‘Dangerous’ Woolworths display complaint sparks debate

Brooke Rolfe
·News Reporter
·4-min read

Questions have been raised over a dangerous item sold at Woolworths being displayed in a position easily accessible to children when they're being wheeled in a trolley.

A worried mum reported her concerns online after paying a visit to the Ashwood store in Victoria on Saturday, where she noticed button batteries on a carousel at her toddler's eye level.

In referenced to rules set to be mandated in 2022 requiring the batteries to be sold in child resistant packaging, the mum called on the supermarket to recognise the potential danger they posed to young visitors.

"I was shocked to discover today that Woolworths display these at a very accessible height to children - next to chocolates," she wrote.

Woolworths store pictured.
Woolworths has been confronted over its display of button batteries. Source: Getty Images

"My son could easily have reached out and grabbed these whilst sitting in one of your trolleys."

She expressed her heightened concern after watching an episode of ABC's Australian Story, which detailed the deaths of young children caused by swallowing the small circular batteries.

"Kids are visual, opportunistic predators. They will grab and swallow anything," Dr Ruth Barker, a paediatrician at the Queensland Injury Surveillance Unit, told the program.

A Woolworths spokesperson told Yahoo News Australia that there had been "no safety incidents with button batteries" in any of their stores, but they they will now assess whether they "need to introduce any additional safeguards with this feedback in mind".

About 20 children nationally were presenting to emergency departments after swallowing button batteries, according to Product Safety Australia.

Once swallowed, the charge of button batteries become activated by the fluid in the esophagus and begins bubbling and produces sodium hydroxide - the same chemical used in oven cleaner.

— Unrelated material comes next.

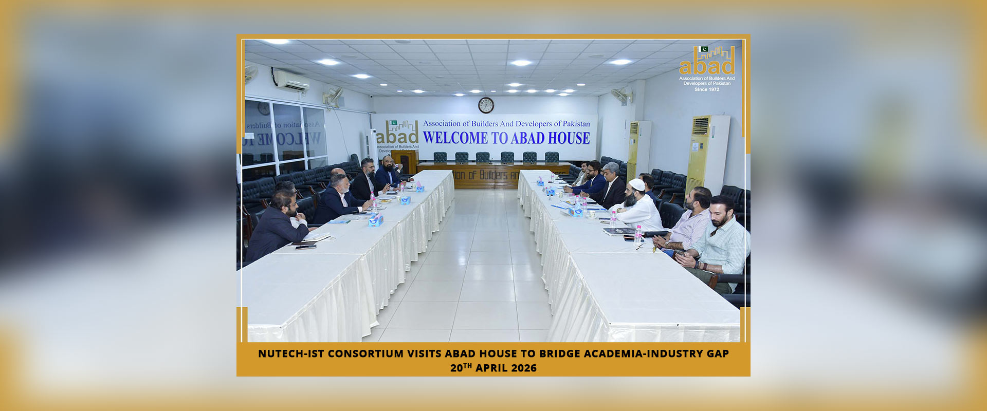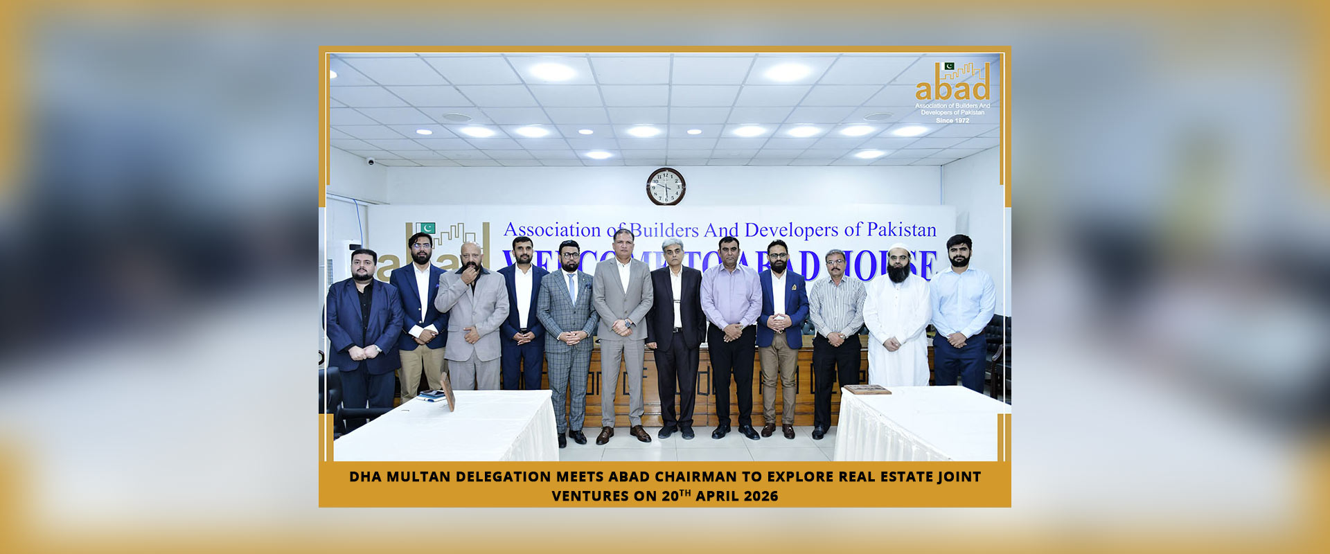 ASSOCIATION OF BUILDERS AND DEVELOPERS OF PAKISTAN (ABAD) is a national level representative organization of builders and developers, formed in the year 1972 with the aim and objective of unifying and streamlining the construction activities of private sector. ABAD is registered under the Companies Ordinance, 1984 with Registration No. KAR No. 4967 of 1977-78 and licensed under Trade Organizations Ordinance, 2007 and it’s affiliated with the Federation of Pakistan Chamber of commerce and Industry (FPCCI).
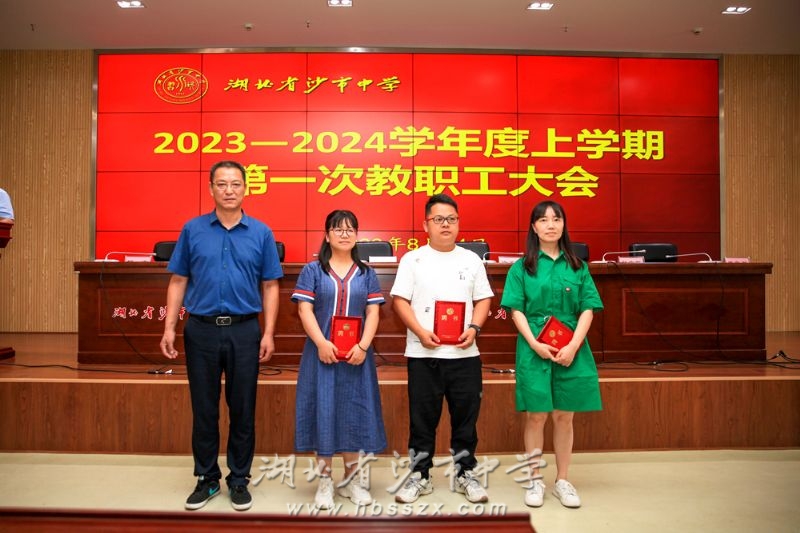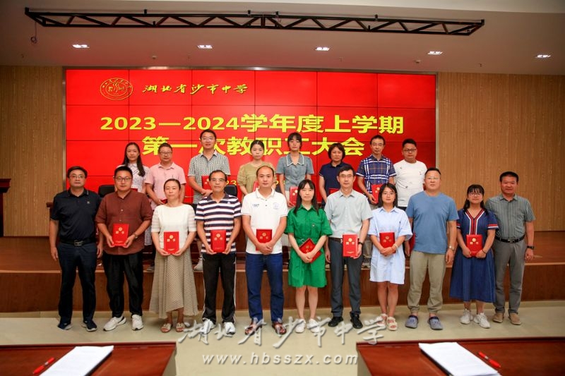 党委副书记、校长徐善慧(前排左一),党委副书记、纪委书记李义国(前排右一)与新高一年级班主任合影 时光易逝,寸暑难留,立秋后坠落的第一片木叶敲开了新学期的门扉,8月24日上午9时,沙市中学教职员工齐聚学校综合楼二楼会议室,参加2023-2024学年度上学期第一次教职工大会。会议由校办主任张珺主持。

The caustic product the begins to eat through the tissue inside the body and can cause serious illness, and potentially death.

Three children have died in Australia from swallowing a button battery, the dangers of which shaped an ACCC investigation beginning in 2019.

The introduction of four new button battery related mandatory safety and information standards were announced as a result in December 2020, including rules requiring improvements in the security of the packaging.

Child in trolley inside Woolworths next to button batteries.
A mum argued the button battery display could be dangerous for children. Source: Facebook

From June 2022, packaging or containers used to sell button batteries must be child-resistant in accordance with specified compliance tests.

Manufacturers were given an 18 month transition period to allow for design changes to take place.

Mum sparks fiery debate online

The Woolworths shopper argued the retailer should be proactive in the meantime to prevent a child being harmed.

"It’s not known how the children who have died came into contact with the batteries. Please do your bit to help keep our children safe and display these more securely," she wrote.

While some agreed Woolworths should move the products to an area children can't access, others accused the mum of over-reacting.

"Kids are quick, and meanwhile you’re occupied putting your items thru the checkout. They obviously don’t have kids. If Woolies put a bottle of bleach in the cold drink shelves at the checkout would all the nasties think that was okay?," one shopper responded.

Woolworths shopping carts are seen at a store in Double Bay in Sydney.
A Woolworths spokesperson has said that the retail giant will assess how they display button batteries following the complaint. Source: AAP

Others accused the woman of being dramatic and argued Woolworths weren't doing anything wrong.

"It is completely irrelevant that the batteries are easy to open at this point in time, when, as you have stated, the law does not come into effect until June next year," one wrote.

"I'm a grown adult and those batteries give me issues getting open. Your unsupervised child won't get into them," another said.

Woolworths to assess risks of battery display

A Woolworths spokesperson said the retail giant "treats safety concerns seriously".

"We thank the customer for sharing this feedback," they said in a statement.

"Like many retailers, we’ve been displaying button batteries this way for many years. Thankfully, we’ve never had any safety incidents with button batteries in our stores.

"However, we’ll assess whether we need to introduce any additional safeguards with this feedback in mind."